> _WHAT THE EXERCISE ASKS_:
Copy the lines below exactly, starting at the one with "2016年,管开云在国外一家植物园中查看中国植物在当地的生长情况。 资料照片" and ending at the one with "Dedicated to the", and leave out any picture.

[Stored dataset items]
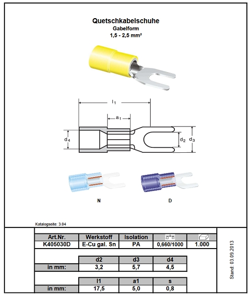 Quetschkabelschuh Gabelform nach DIN 46237 und ähnlich
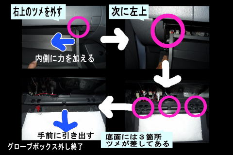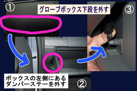 グローブボックス内を空っぽにして、左側側面にあるダンパーステーを指先で軽く外します。 (簡単に外れます) |
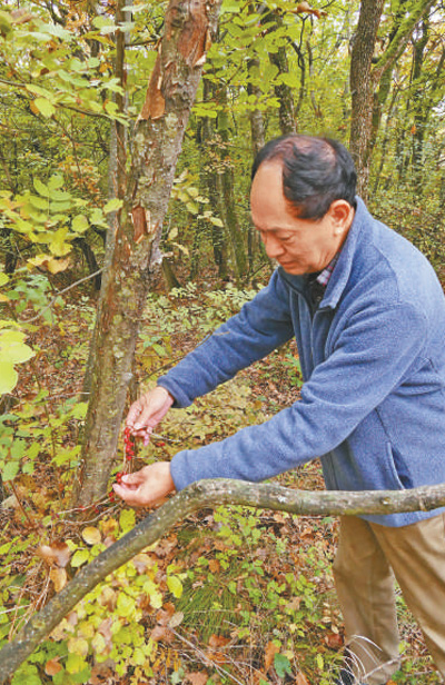 2016年,管开云在国外一家植物园中查看中国植物在当地的生长情况。 资料照片
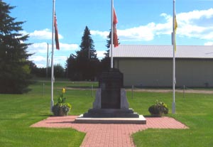 Dedicated to the men of Wawota and area who gave their lives during the First and Second World Wars, by the Wawota Royal Canadian Legion Branch 113, this memorial was unveiled August 3, 2008. It is made of black granite shipped from China, bordered by grey Canadian granite and sitting on a base of grey granite which in turn rests on a cement base. It is flanked by the Red Ensign which all these men fought under during the First and Second World Wars, the Canadian flag and the Saskatchewan flag.
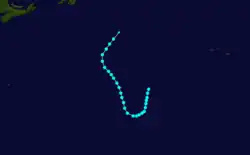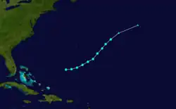The fourth tropical storm of the season was first detected by a ship on October 17 southwest of Bermuda;[10] in the HURDAT database, this date was considered to be the formation date, although the entire lifespan of the storm is unknown due to a lack of data on the system itself.[7] It initially moved east-northeastward, though later began to turn northeastward on October 18. The storm curved slightly towards the east-northeast on October 19, and became extratropical later that day before its dissipation on October 20. The storm maintained its peak winds of 50 mph (85 km/h) for most of its lifetime.[1]

> _RESULT BELOW_:
 2016年,管开云在国外一家植物园中查看中国植物在当地的生长情况。 资料照片
 Dedicated to the men of Wawota and area who gave their lives during the First and Second World Wars, by the Wawota Royal Canadian Legion Branch 113, this memorial was unveiled August 3, 2008. It is made of black granite shipped from China, bordered by grey Canadian granite and sitting on a base of grey granite which in turn rests on a cement base. It is flanked by the Red Ensign which all these men fought under during the First and Second World Wars, the Canadian flag and the Saskatchewan flag.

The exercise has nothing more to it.